Explainability stability and reliability evaluation
3.7.1
In addition to qualitative visual inspection, the reliability of explanations was quantitatively evaluated using stability and faithfulness metrics. Explanation stability was assessed by measuring the consistency of Grad-CAM++ heatmaps and SHAP feature attributions under small input perturbations, including Gaussian noise and minor spatial transformations. For image explanations, the Structural Similarity Index (SSIM) was used to compare original and perturbed Grad-CAM++ maps, while Pearson correlation was employed to evaluate consistency between SHAP attribution vectors.
Explanation faithfulness was evaluated by progressively masking the most highly activated image regions identified by Grad-CAM++ and removing the top-ranked clinical features identified by SHAP, followed by measuring the resulting decrease in prediction confidence. A larger drop in model confidence indicates stronger alignment between explanations and the model’s true decision-making process. These quantitative measures ensure that the generated explanations are stable, robust, and meaningfully linked to prediction outcomes.
Results
4
This section presents a comprehensive evaluation of the proposed explainable multi-modal deep learning framework. Quantitative diagnostic performance, explainability analysis, cross-dataset generalization, clinician-centered assessment, and ablation studies are reported using a combination of tables and figures to provide transparent and interpretable evidence of model effectiveness.

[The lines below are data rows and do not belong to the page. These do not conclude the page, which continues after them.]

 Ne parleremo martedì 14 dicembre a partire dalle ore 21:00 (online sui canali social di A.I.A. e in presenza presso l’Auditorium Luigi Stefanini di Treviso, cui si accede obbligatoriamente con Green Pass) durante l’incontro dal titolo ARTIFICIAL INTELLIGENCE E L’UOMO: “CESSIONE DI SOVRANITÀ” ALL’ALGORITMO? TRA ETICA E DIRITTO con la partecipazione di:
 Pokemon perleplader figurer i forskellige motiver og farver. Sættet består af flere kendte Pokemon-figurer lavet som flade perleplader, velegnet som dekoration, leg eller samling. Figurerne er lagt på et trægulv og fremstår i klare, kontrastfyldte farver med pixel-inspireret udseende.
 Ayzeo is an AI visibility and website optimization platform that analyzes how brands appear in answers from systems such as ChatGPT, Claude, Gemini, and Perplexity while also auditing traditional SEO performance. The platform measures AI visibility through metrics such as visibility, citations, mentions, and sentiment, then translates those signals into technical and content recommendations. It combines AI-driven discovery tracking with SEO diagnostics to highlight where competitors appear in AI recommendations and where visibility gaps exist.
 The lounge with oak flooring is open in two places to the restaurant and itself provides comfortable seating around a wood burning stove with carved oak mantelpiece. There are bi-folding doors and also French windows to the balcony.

Experimental setup and evaluation protocol
4.1
Experiments were conducted on CBIS-DDSM, TCIA Breast MRI, and TCGA (BRCA, LUAD, and GBM) cohorts using stratified training, validation, and test splits. Uni-modal image-only and clinical-only baselines, as well as non-explainable multi-modal variants, were implemented under identical training settings to ensure fair comparison. Performance was evaluated using accuracy, sensitivity, specificity, F1-score, and AUC. Explainability was assessed using attribution faithfulness, stability, and clinician-alignment metrics. Stability and faithfulness were evaluated using SSIM-based heatmap similarity and attribution-removal confidence degradation tests.
Overall diagnostic performance
4.2
Table 2 presents a summary of the diagnostic capability of the suggested framework as a comparison to various uni-modal and multi-modal baselines on breast cancer datasets. The explanable multi-modal model kept on delivering enhanced performances, showing that it was able to better balance sensitivity and specificity.

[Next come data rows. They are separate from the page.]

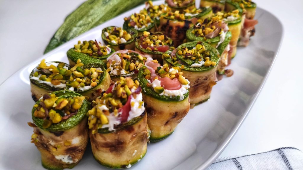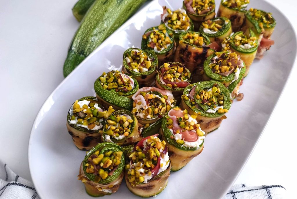 Si quieres sorprender a tus invitados con un plato original y delicioso, estos rollitos de calabacín con speck, Philadelphia y pistachos son la elección perfecta.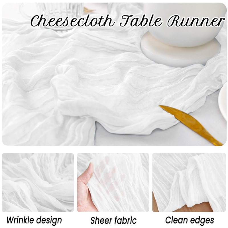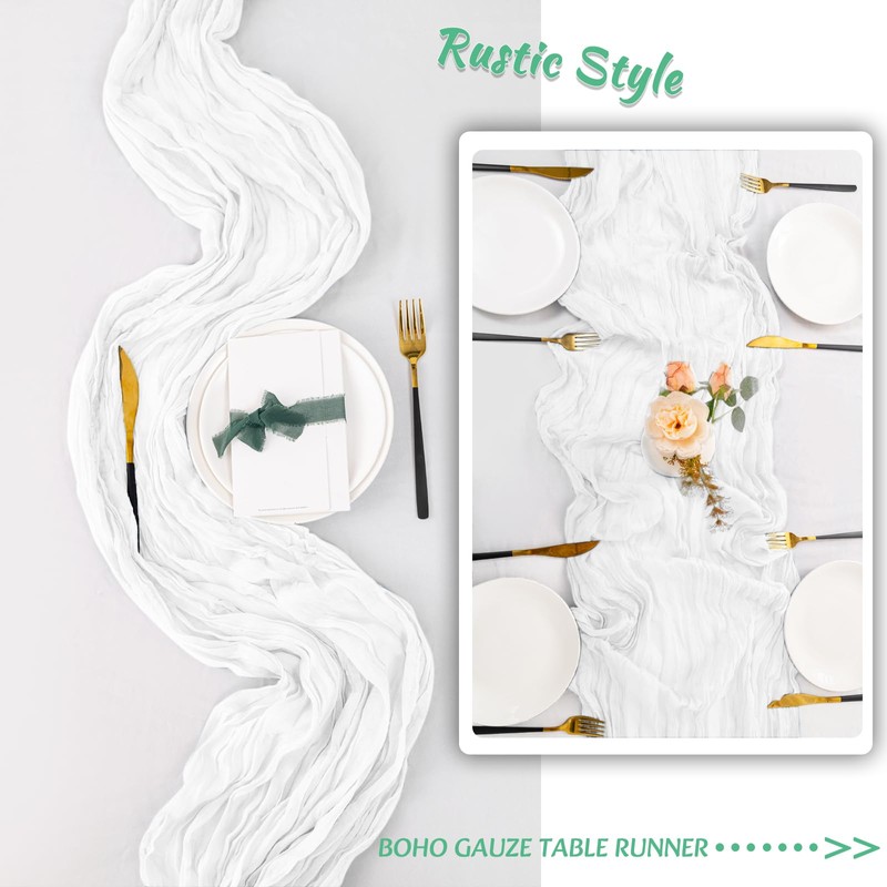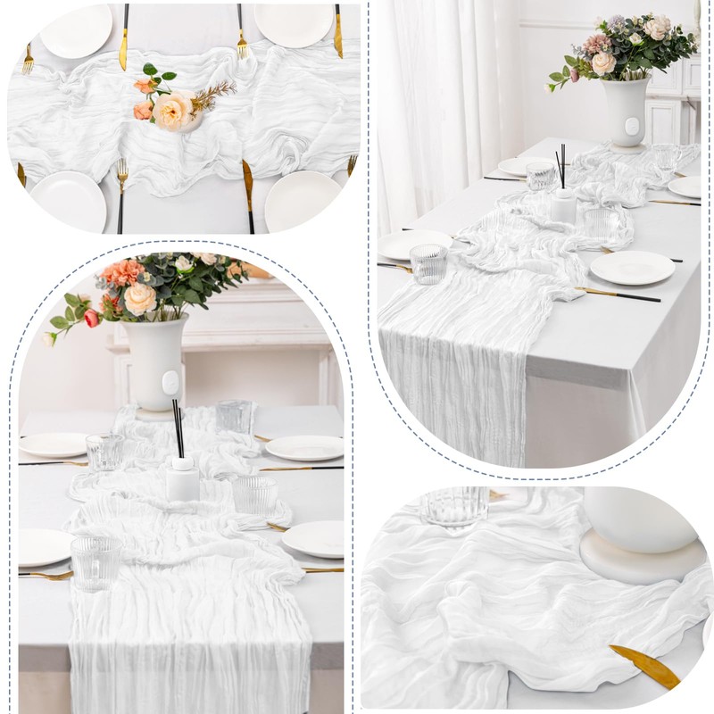 • 【Elegant 10-Foot Design - Perfect Drape Effect】Dimensions: 21"W x 120"L (10 ft). This 12-pack long table runner set meets all banquet needs. The solid-color rustic table runner design perfectly covers 6-8 ft tables with gracefully cascading edges. Connect multiple cheesecloth table runners for extra-long tables, or creatively transform into wedding arch decor, chair sashes, or gift wrapping. Lightweight fabric sways gently in the breeze, creating dreamy bohemian ambiance.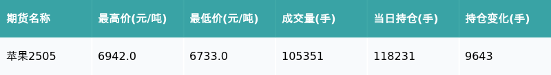 该数据反映了近期苹果期货市场的波动情况,为投资者提供了重要的参考信息。投资者需密切关注市场动态,以做出更为精准的投资决策。(文章来源:南方财经网)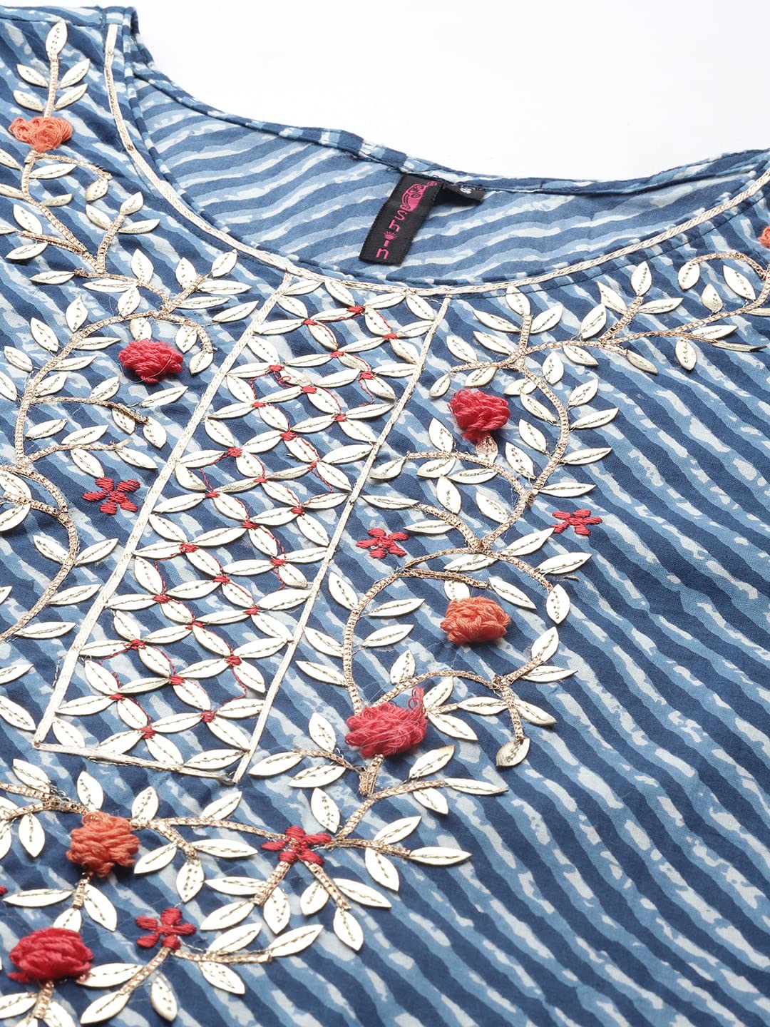 ishin Women's Cotton Blue Embroidered A-Line Kurta set with Trouser & Dupatta

Figure 2 displays representative image-level explanations obtained through Grad-CAM++. The superimposed heatmaps on mammography and MRI images point to the spatial areas that have the strongest influence on the model’s diagnostic predictions. The locally activated regions are in line with the clinically relevant tumor areas, which implies that the suggested model is concentrating on significant radiological features for the decision-making process.
Image-level explainability using Grad-CAM++. Grad-CAM++ heatmaps overlaid on representative mammography (CBIS-DDSM) and MRI (TCIA) images.

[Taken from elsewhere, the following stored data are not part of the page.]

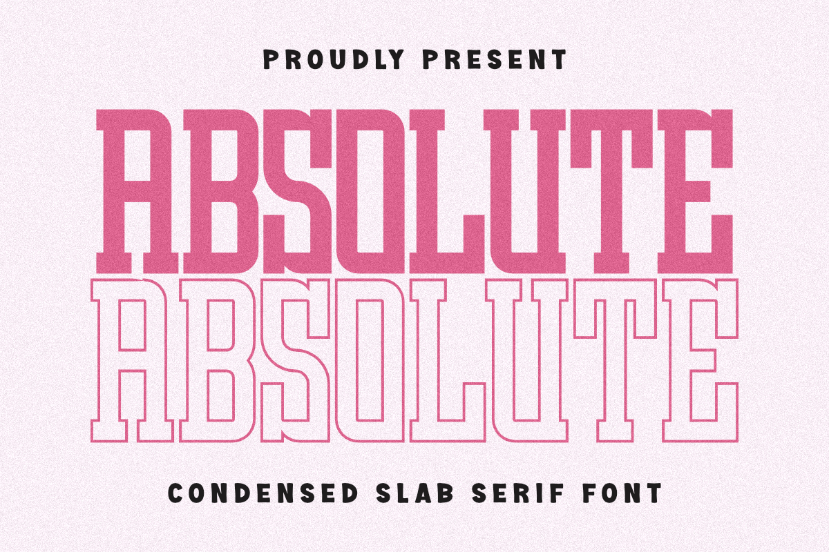 Absolute is a striking Condensed Slab Serif font that delivers both boldness and versatility. This all-caps typeface features Regular and Outline styles, making it ideal for sports branding, varsity apparel, and retro-themed designs. Its clean lines and assertive presence ensure your messages make a significant impact, whether on posters, logos, or any display project. The layered styles allow for creative color combinations, adding depth and character to your designs. With Absolute, you can achieve a vintage collegiate look that resonates with your audience, making it a powerful addition to your design arsenal.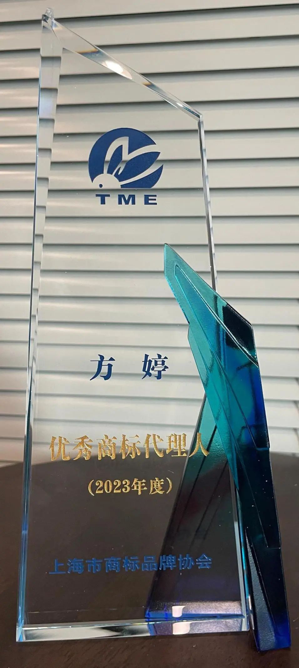 集佳上海分所方婷律师被评为2023年度“上海市优秀商标代理人”。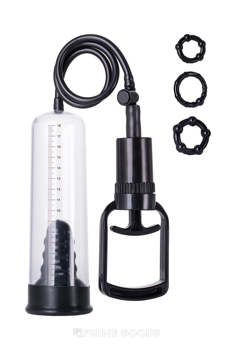 Выполнена из материала высокого качества. За счет мощного насоса и откачки воздуха образуется вакуум, благодаря которому вы сможете наблюдать изменения размера пениса. Монометр и прозрачная колба позволят видеть результаты. Также в комплекте идут 3 эрекционных кольца, способствующие продлению полового акта. Ваша избранница будет в восторге от такого количества положительных эффектов.

Comparison with uni-modal and non-explainable models
4.3
A comparative evaluation of different model configurations was performed to understand the contribution of multi-modal integration more clearly. As outlined in Table 3, uni-modal strategies had some inherent disadvantages that were revealed when these methods were used in isolation. Image-only models did not have enough patient-specific contextual information, whereas clinical-only models had reduced discriminative capability because they lacked visual tumor characteristics.
Multi-modal models with simple feature concatenation were slightly better than uni-modal baselines; however, their performance was still not ideal due to the very limited cross-modal interaction. On the other hand, the proposed explainable multi-modal framework, which combines attention-based fusion with explainability mechanisms, was able to achieve the most balanced and robust performance. In fact, its predictive accuracy was at par with or even better than that of non-explainable multi-modal baselines, thus, the incorporation of explainability does not compromise the diagnostic effectiveness.
Figure 3 shows the comparison of the various model configurations by means of bar plots of Accuracy, AUC, and F1-score. The multi-modal model with attention-based fusion and explainability that was proposed is always better than the uni-modal and simple fusion baselines, which proves that adaptive multi-modal integration enhances predictive performance to even higher levels of accuracy.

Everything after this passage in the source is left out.